Methodology to develop domain ontology

There is no single correct way or methodology for developing ontologies (Noy and McGuinness 2001). Since ontology design is a creative process and many factors will affect the design choices, such as the potential applications of the ontology, the designer’s understanding and view of the domain, different domain features, anticipations of the ontology to be more intuitive, general, detailed, extensible and / or maintainable.

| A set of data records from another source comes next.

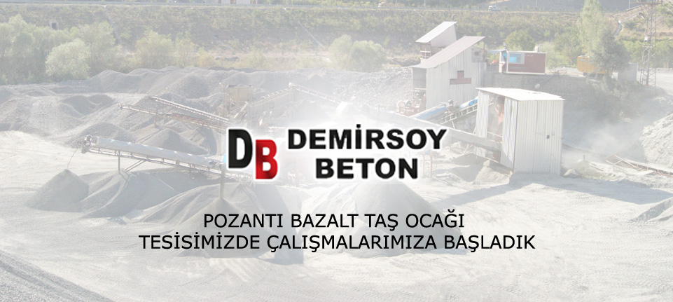Firmamız, 2009 yılında, Pozantı merkezli Kum Ocağı Tesisinde büyümeye gitmiş ve aynı saha içerisine Demirsoy Hazır Beton Tesisi’ni kurarak bölgenin ve sektörün, çağın yeniliklerinin beraberinde getirdiği ihtiyaçlarına cevap vermeye çalışmıştır.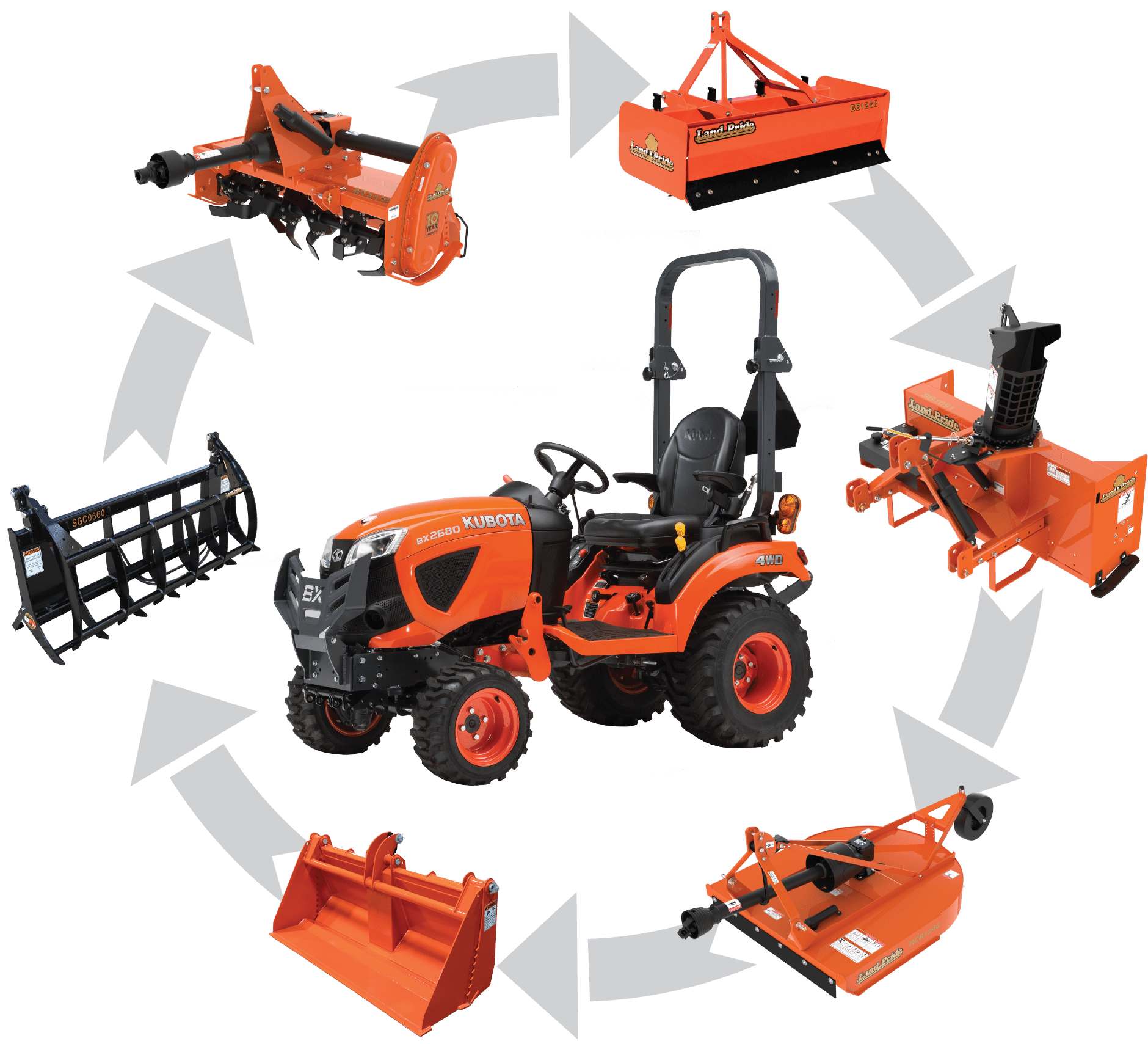 The most versatile compact tractor yet. From the moment you bring it home, the BX23S is ready to go to work loading, mowing, digging, and more. It comes with a performance-matched and fully integrated backhoe and front end loader as standard equipment. Kubota’s Swift-Connect and Swift-Tach systems let you quickly and easily attach the backhoe (Swift-Connect) and front loader (Swift-Tach). A heavy-duty reinforced frame provides the durability, stability, and strength to complete any tough task.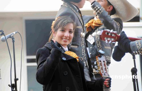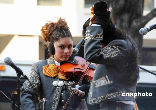 美國東部時(shí)間1月20日中午11點(diǎn)30分,美國第44任總統(tǒng)奧巴馬在國會(huì)山前宣誓就職。下午,官方組織的一場游行在著名的華盛頓賓夕法尼亞大街舉行。圖為奧巴馬就職日游行隊(duì)伍中的拉提琴的美少女。中新社發(fā) 邱江波 攝

In this paper, we design the methodology to develop domain ontology of social engineering based on the method reported in work (Noy and McGuinness 2001) with some modification. Protégé 5.5.0 (Musen and Protégé Team 2015) is used to edit and implement the ontology. It should be noted that "entity" in real word are described as "concept" in ontology and "class" in Protégé; "relation" is described as "object property" in Protégé. The methodology is described as Fig. 1.

Fig. 1
figure 1

Overview of methodology to develop domain ontology of social engineering

(1) Determine the domain, purpose and scope.

As described before, the domain of the ontology is social engineering in cybersecurity. The purpose of the ontology, i) for design is to present what entities significantly constitute or affect social engineering and how these entities relate to each other, ii) and for application is to server as a tool for understanding social engineering, analyzing social engineering attack scenarios or incidents and providing a formal, explicit, reusable knowledge schema of social engineering domain. Thus, social engineering itself as a type of attack, measures regarding social engineering defense will not be included here although they are important. Defense will be the theme in our future work.

(2) Consider reusing existing ontologies.

We did a systematic literature survey on social engineering and accumulated a literature database which contains 450+ studies from 1984.9 (time of the earliest literature available where the term "social engineering" was found in cybersecurity (Wang et al. 2020)) to 2020.5Footnote 1. Few work focus on the social engineering ontology, yet a lot of terms can be obtained from literature survey.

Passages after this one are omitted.